ABOUT THE C.G. JUNG FOUNDATION

Newsletter of the C.G. Jung Foundation of Ontario

ISSN 1918-6142

Chiron is a newsletter that exists to support the work of the C.G. Jung Foundation of Ontario. It was established in 1980, and has existed in electronic form since 2006. Its name and masthead image, adopted at that time, are drawn from ancient Greek culture. In Greek mythology, Chiron was the last centaur, a son of the titan Cronus. He was famed for his wisdom, knowledge and skill at deciphering the will of the gods, to healing effect.

Chiron

Volume 30, No. 3 Spring (May) 2011

Editor: Robert Black

Click for PDF version of this issue for easier printing

 

Contents

 

Jungian Views on Burning Issues, 2011: Soul Matters

May 28th, 2011, 1 – 4 pm at 223 St. Clair Ave West
FREE TO MEMBERS
LIMIT OF 30, REGISTRATION REQUIRED

The world continues to stumble forward, experiencing evermore man-made dilemmas that suggest we have “lost soul.” We now face the aftermath of a global economic meltdown, mounting ecological crises and widespread political turmoil. Have we abandoned soul or has it left us? Maybe these shaky times are just the growing pains of an evolving world, or perhaps the “rough beast” of our soul-sucked psyche has now sprung fully into being.

Just where and what is Soul in 2011 … and how does it figure into what matters?!

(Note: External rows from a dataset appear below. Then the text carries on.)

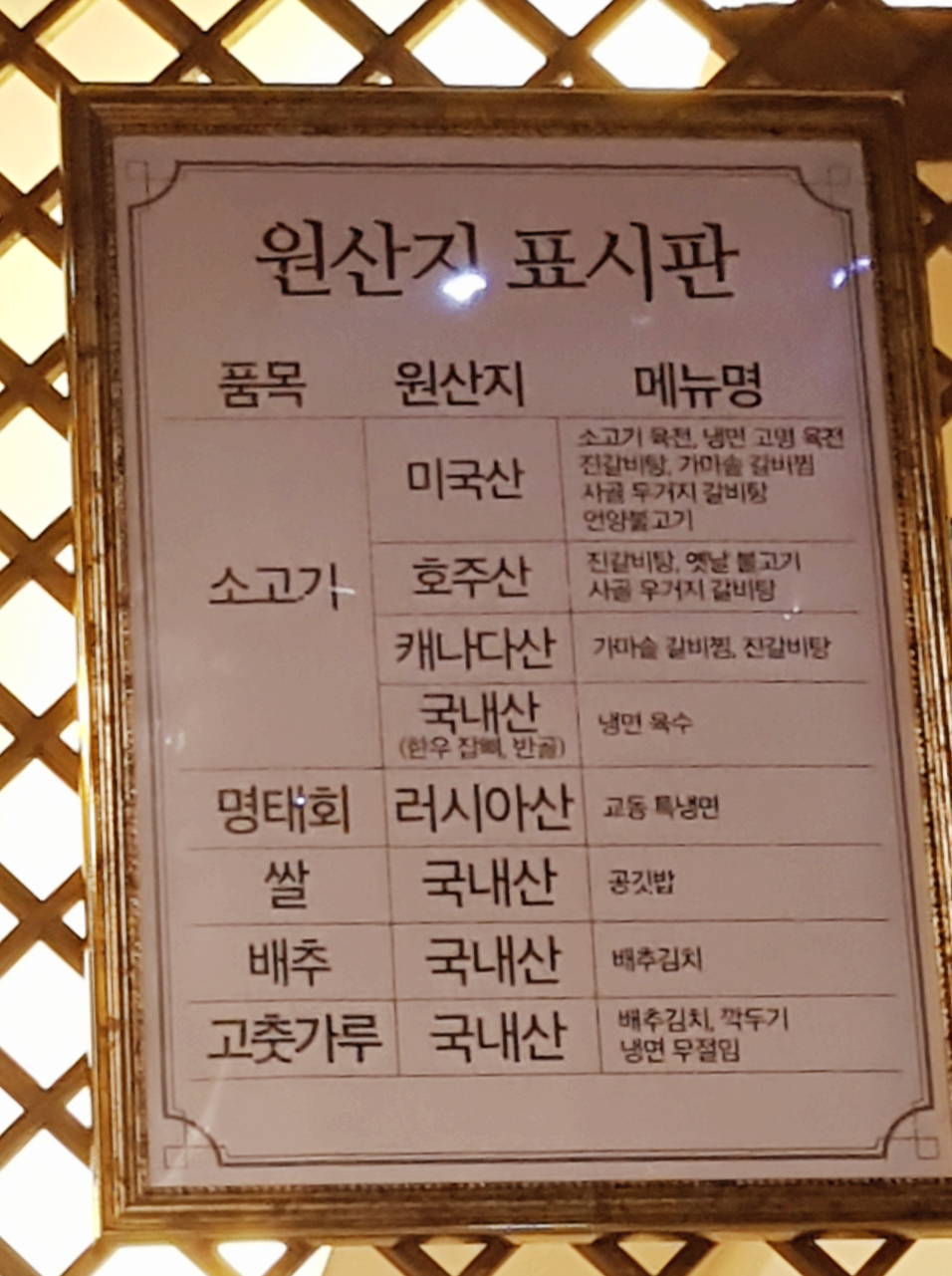 냉면 육수는 국내산 뼈를 사용하였고 고기는 대부분 미국과 호주, 캐나다산 이더라고요.
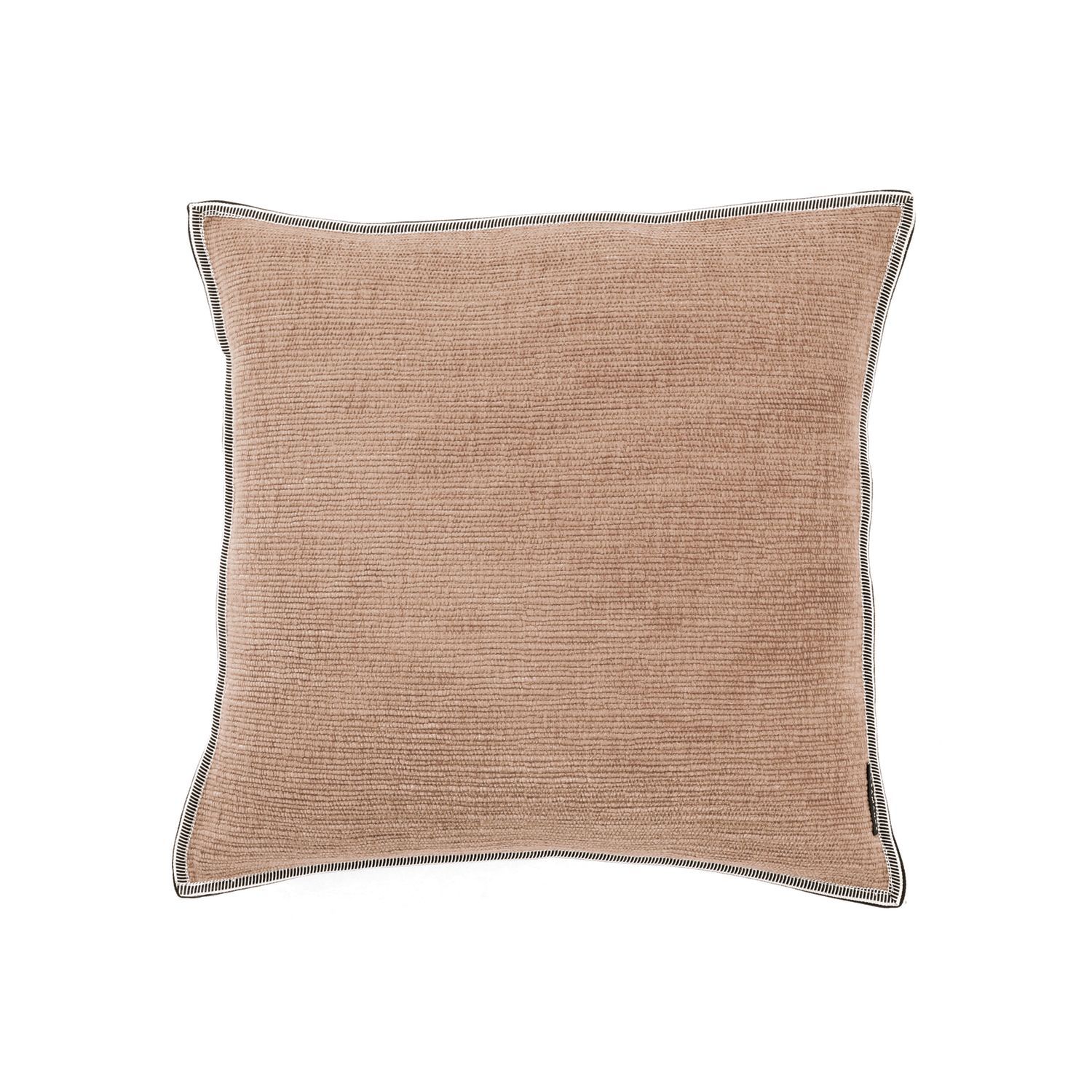 A square cushion in a luxurious, textured linen cotton blend fabric. Co-ordinated with a natural coloured, plain linen on the reverse and braided piping. All Casamance cushions come complete with a feather filled inner pad.
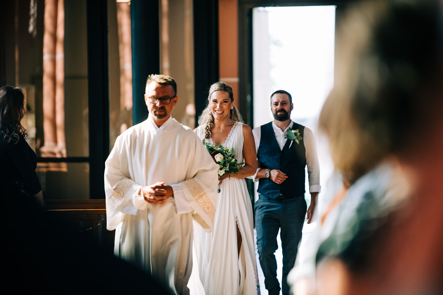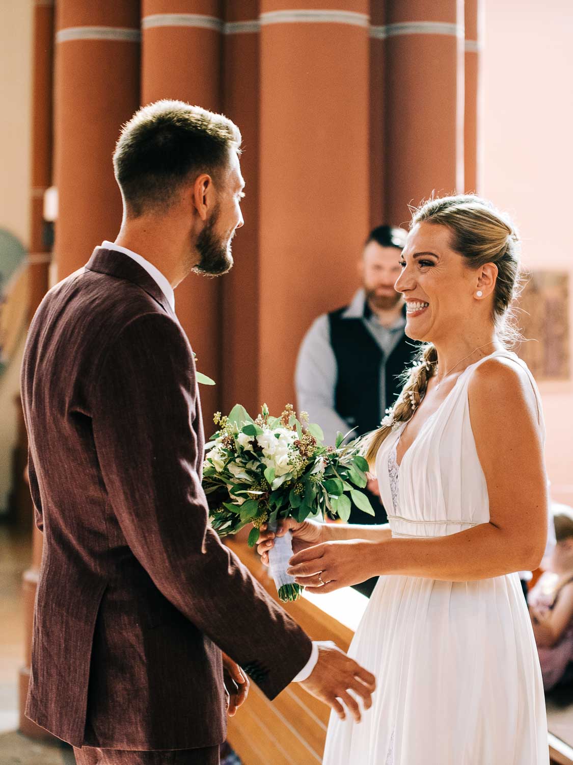 Ich hab immer ein wenig Mitleid, wenn der Augenblick kommt und der nervöse Bräutigam vorne alleine am Altar steht, während alle Augen in der Kirche auf ihn gerichtet sind. Doch dann kommt die strahlende Braut herein und es ändern sich schlagartig zwei Dinge. Das erste - sorry guys - ist, dass der Bräutigam ziemlich schnell an Aufmerksamkeit verliert, weil alle Blicke nun auf die Braut gerichtet sind. Der zweite noch viel wichtigere Punkt ist, dass du als Beobachter förmlich das Band und die Spannung zwischen dem Brautpaar erkennen kannst. Die beiden sind völlig im Tunnel, du hörst gedanklich dramatische Filmmusik und während die beiden im Spotlight aufeinander zu schweben, wird die Umgebung ausgeblendet … Ok, an dieser Stelle hab ich mich gerade hinreißen lassen - aber es ist wirklich ein fantastischer Moment:)!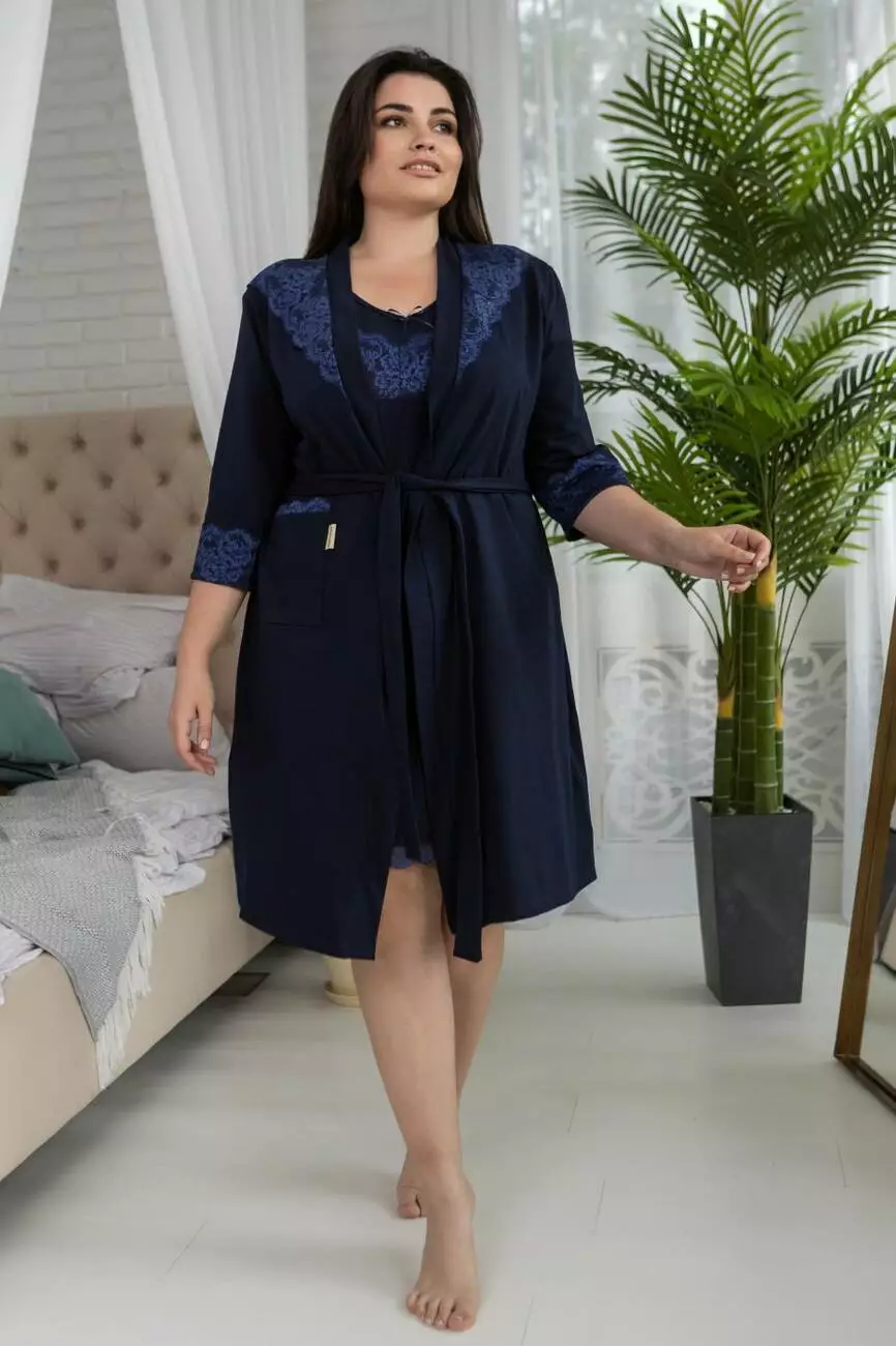 Халат однотонний прикрашений мереживом. Довжина халату – від 85 см, залежно від розміру.

On Saturday May 28th at 1:00 p.m., three Analysts will each give brief perspectives on Soul to stimulate an open discussion and exploration of Soul Matters. We really want to hear what you have to say about psyche and will provide an engaging facilitated forum that will help you explore what matters to you!
We hope to see anyone who would welcome the chance to spend time with their Jungian friends and enjoy some provocative ideas and discussion. Refreshments will be served.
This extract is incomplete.